Open Stond0cyborg opened 8 months ago
The corresponding training data is available at https://github.com/tesseract-ocr/langdata_lstm/tree/main/deu_latf For the basic meaning of the files, see https://groups.google.com/g/tesseract-ocr/c/U9mysQuhRpU/m/7aNrZACXBQAJ for example.
Don't use deu_latf for Fraktur. Try https://zenodo.org/records/10125246 instead.
More models here: https://ub-backup.bib.uni-mannheim.de/~stweil/tesstrain/. My latest models for historic texts are called "german_print*".
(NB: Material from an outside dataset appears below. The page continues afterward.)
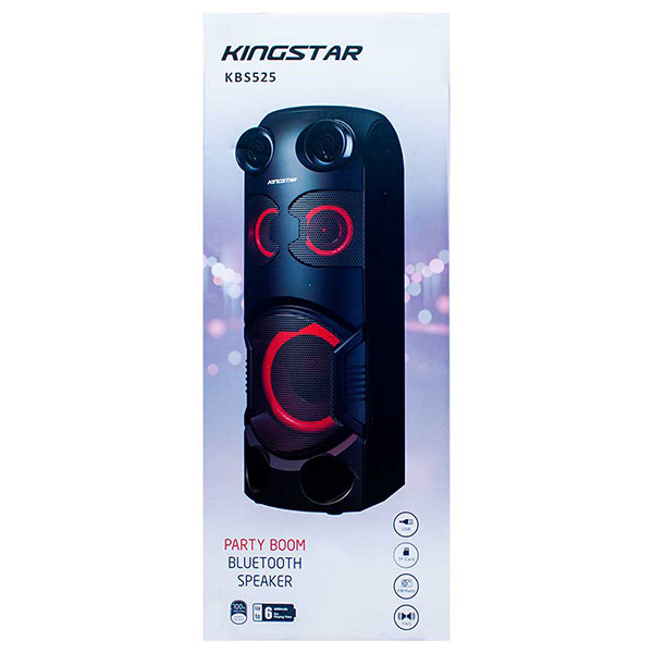 اسپیکر بلوتوثی کینگ استار KBS525 مخصوص فضاهای بزرگ طراحی شده است و با دو اتصال با سیم و بی سیم به پخش کردن موسیقی با کیفیتی بالا می پردازد. وزن سبک ۵۴۳۰ گرمی و ابعاد جمع و جور ۶۳۲ ×۲۸۷×۲۳۰ میلی‌متری اسپیکر امکان استفاده از آن را در هر گوشه و کناری فراهم کرده است. این محصول از رابط های AUX، TF card، USB ، بلوتوث و رادیو پشتیبانی می کند و با داشتن قابلیت TWS به اسپیکری دیگر متصل می شود و به پخش کردن همزمان صدا با کیفیتی بالا می پردازد.

See also https://ocr-bw.bib.uni-mannheim.de/faq/ (German).
Dann bedanke ich mich recht herzlich, Herr Weil und wünsche weiterhin viel Erfolg mit ihrem Programm! ;)
I tried to recognize some old Fraktur texts with deu_latf, but there are many words that are not recognized correctly, so I extracted the word list from deu_latf. This file seems to use word recognition Example: A-{d}-{cd°s}%- A-{d}-{cd°a}% A-{d}-{c-% A-{d}s§gi I then extracted the readable version and realized that a lot more words (recognitions) could be added. I would also like to try to improve the problem with the recognition of "ich, schon ,noch" etc. to improve it. Because, with "bat ned) " (hat noch) "bod)" (doch) you can not do much.
Is there a README file for this file or another explanation to extend it?